For this demonstration we use a standard data science and ML tech stack of Python for development and git for version control (checked into a GitLab remote repository). Since we will be using several Google products and services, we have decided to keep all development work in the Google Cloud ecosystem. Data will be hosted in a dedicated Google Cloud Storage (GCS) bucket and all development work will take place on AI Platform Notebook instances. This is in line with Google recommended best practices of keeping compute and storage separate. Lastly, we will also utilize simple shell scripts to perform several data processing pipeline steps at a time. 

The goal of this demonstration is to create an opportunity for and enable  market research and location analysis. This demonstration can be packaged into a service offered to prospective entrepreneurs who are looking to open a business in an area. With the sentiment and classification information generated by our machine learning pipeline, we can understand the current climate of the area and derive actionable decisions, through gap analysis to understand which businesses would stand out from the crowd, or highlighting which kinds of businesses people tend to like and are doing well in the area.

This demo will involve thorough usage of Google Cloud’s features, involving AutoML and Natural Language API, as well as dashboarding services provided by Data Studio. This end-to-end pipeline and walkthrough is outlined here, and the code for the machine learning part and how to send an HTTP request can be found on gitlab, linked here.  Pandera has documented all un-original (borrowed or modified) code by outlining and linking the original sources if and when applicable as per MIT’s writing code handbook, and retained any comments from original developers. 

Data Exploration and Engineering 

We used Yelp’s business review dataset for this demo. Data files were originally in json format, containing json files for business, check ins, reviews, tips and users. These files were then converted into csv where we flattened the columns that were nested json representations of normalized children columns. These flattened csv files total 8 Gb and can be downloaded from this link.

For this demonstration, we don’t need data from all the files, since we are mainly interested in the restaurant reviews. The final dataset is created by combining business, user and review data files.  While ratings are a useful way to convey the overall experience, they do not convey the context which led a reviewer to that experience. By categorizing reviews into relevant categories, the  sentiment can help us understand why the reviewer rated the restaurant as high or low. 

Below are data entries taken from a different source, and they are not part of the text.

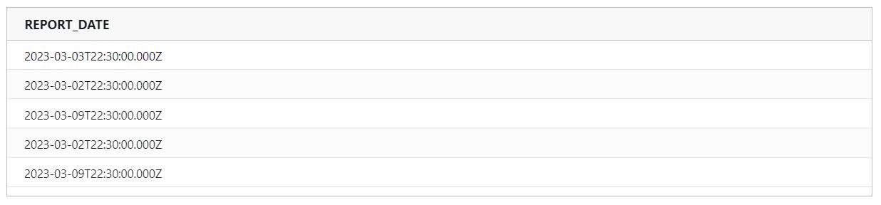 If you specify a weekly range, you have to specify in the third argument which day of the week should be considered the first day of the week.Works the same way as the Relative date parameter option in Widget Properties. For more info, see Editar un parámetro de fecha: avanzado. In the example, the dynamic date range is calculated based on May 2nd, 2023 at 10:00 AM as the current date and time.
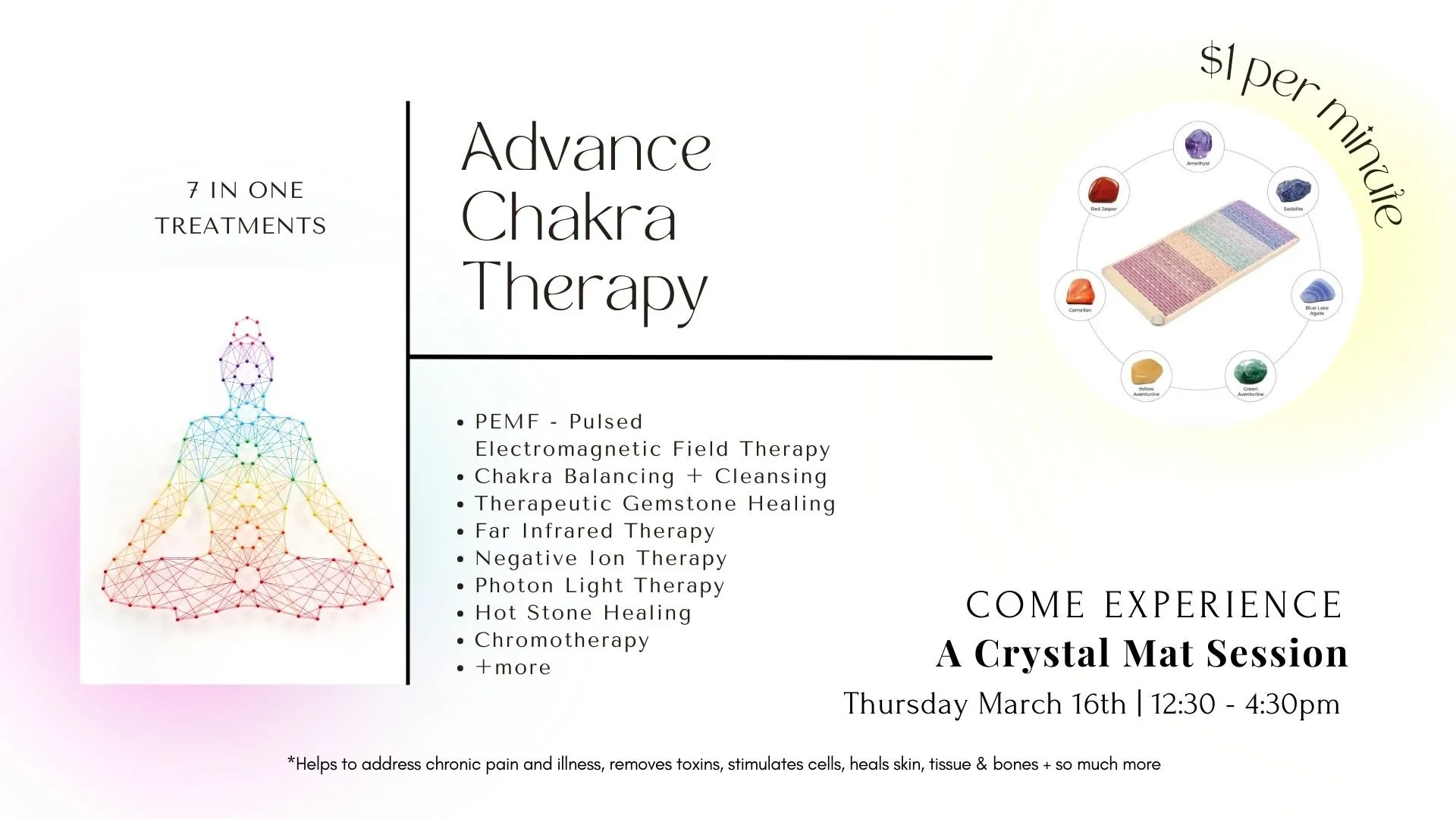 Our NEW PEMF Crystal Therapy Mat offers 7 Treatments in one!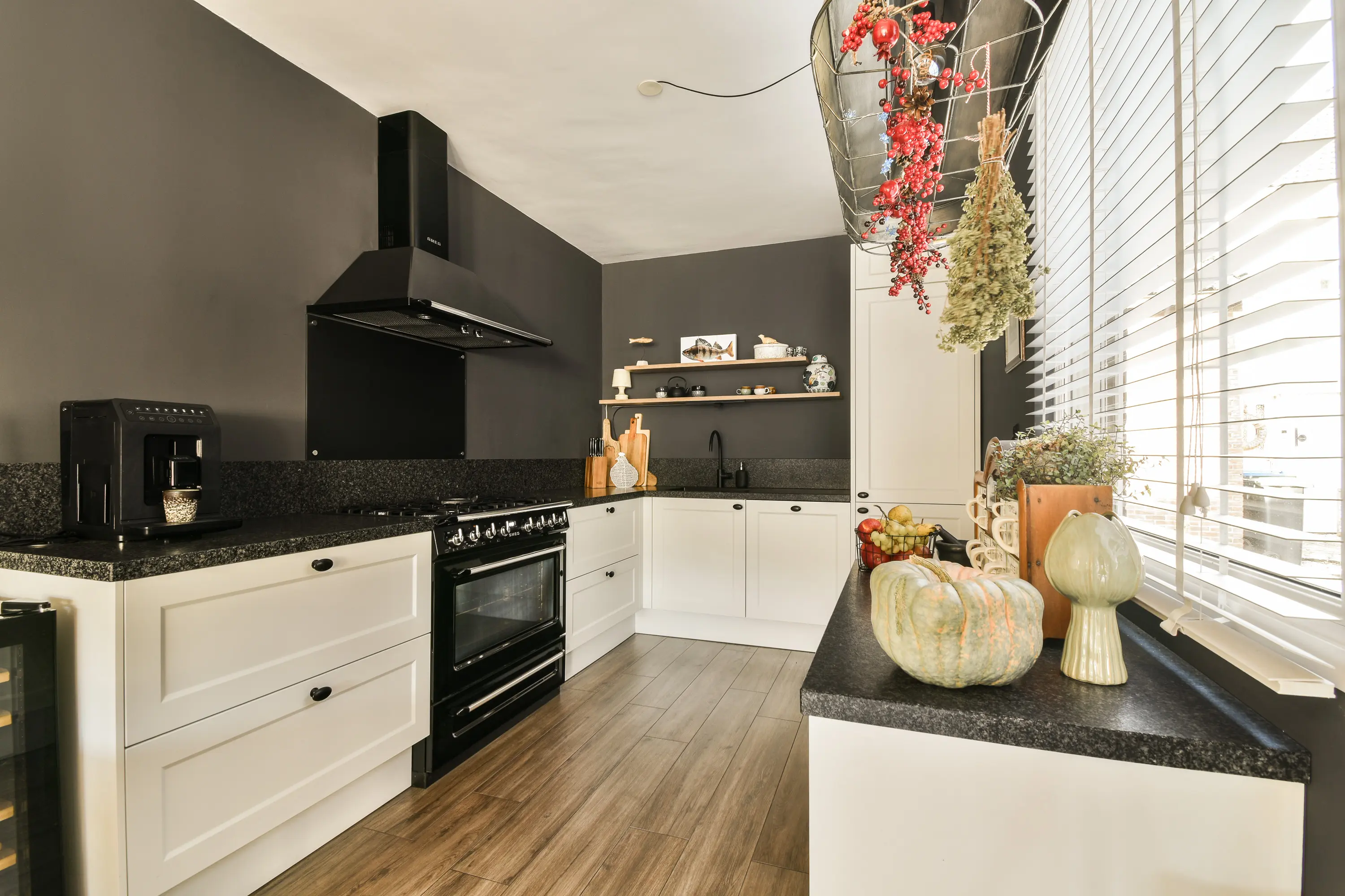 De keuken (2020) ligt aan de voorzijde van de woning en is uitgevoerd in een moderne landelijke stijl. Hier vind je een 5-pits Smeg fornuis met oven, koelkast, vriezer, vaatwasser en een close-in boiler. De plavuizen vloer is praktisch en sfeervol. Dankzij de ruime werkbladen en vele opbergmogelijkheden is dit een keuken waar koken echt een plezier is.

Before diving in to explore the data, the Pandera team decided to do some initial data preparation that would put the data in a format that more easily lends itself to exploratory data analysis (EDA). The Yelp dataset consists of 5 json files, 4 of which follow a traditional, relational data model and 1 of which follows a less-structured, dynamic schema. The business dataset was the only one that comes with nested columns (object fields)—attributes and hours. In our opinion, working with flattened csv files is much easier during the EDA phase than nested json, so we converted the json files into normalized and flattened csv files. As mentioned in the Overview, more details on the provided data models can be found on the Yelp dataset main documentation page.

The provided Yelp dataset is not limited to merely restaurants, but rather, contains data on every kind of business available on Yelp. In order to subset our data to restaurants, we must first clean the dataset, starting with the encoding issues generated by converting json to csv. After the execution of the json to csv script, many records have extra characters which are representative of an encoding error. 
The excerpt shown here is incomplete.